The home gardens in Ethiopia have been important in production and conservation of such critical plant species as medicinal plants. They allow for integration of medicinal plants with other categories of plants offering multiple uses. A plant which has medicinal and other uses is most likely to be quickly accepted and cultivated in home gardens by farming communities as it allows them to get multiple advantages as has been the case traditionally. A food plant with medicinal property will attract even better attention of farming families because of the added fact that there will be less risks of toxicity (the part used as medicine may be toxic) when used as medicine. Conservation and production of medicinal plants primarily in home gardens must be given priority along with other conservation options and market incentives. It is therefore imperative that the following recommended steps be realized.

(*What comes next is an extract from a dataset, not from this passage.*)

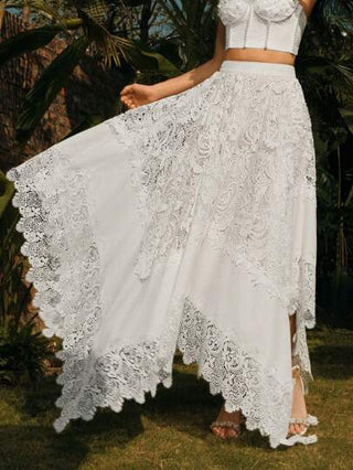 Anewsta تنورة شيفون فاخرة ذات تطريز مُخرَم وتصميم رومانسي، مناسبة للربيع والمناسبات والعطلات

* Recognize home gardens as important places for conservation and production of important categories of plants such as medicinal plants and promote their intensification and enhancement,

* Study important wild growing medicinal plant with a vision for domestication in home gardens and subsequent cultivation through step by step strategy,

* Compile and build a compendium of information on each tax on of interest

* Start a two-way awareness creation scheme for development agents/NGOs and local people learning from each other,

* With the local people, identify wild-growing medicinal plants that can fit into the home garden agro-culture, considering botanical, social and ethical/factors,

* Classify the plants for short, medium and long-term domestication/cultivation in home gardens of the main agro ecological zones,

* learn from the people who have knowledge on uses of propagation methods,

* Activate conservation of medicinal plants in all possible ways in a holistic approach and for medicinal plants not recommended for cultivation in home gardens ensure implementation of one or more of the methods outlined,

* Identify families who will be willing to start experimental planting of selected species in their home gardens and initiate actual domestication and cultivation,

* For all medicinal plants in home gardens create market incentives so that the production level of families will rise,

* Develop technologies for crude extracts of medicines with keen visions for improvement to modern pharmaceutical formulations,

* Strengthen faithful regional and global cooperation to ensure conservation, development and equitable sharing of the benefits that accrue from traditional medicinal plants.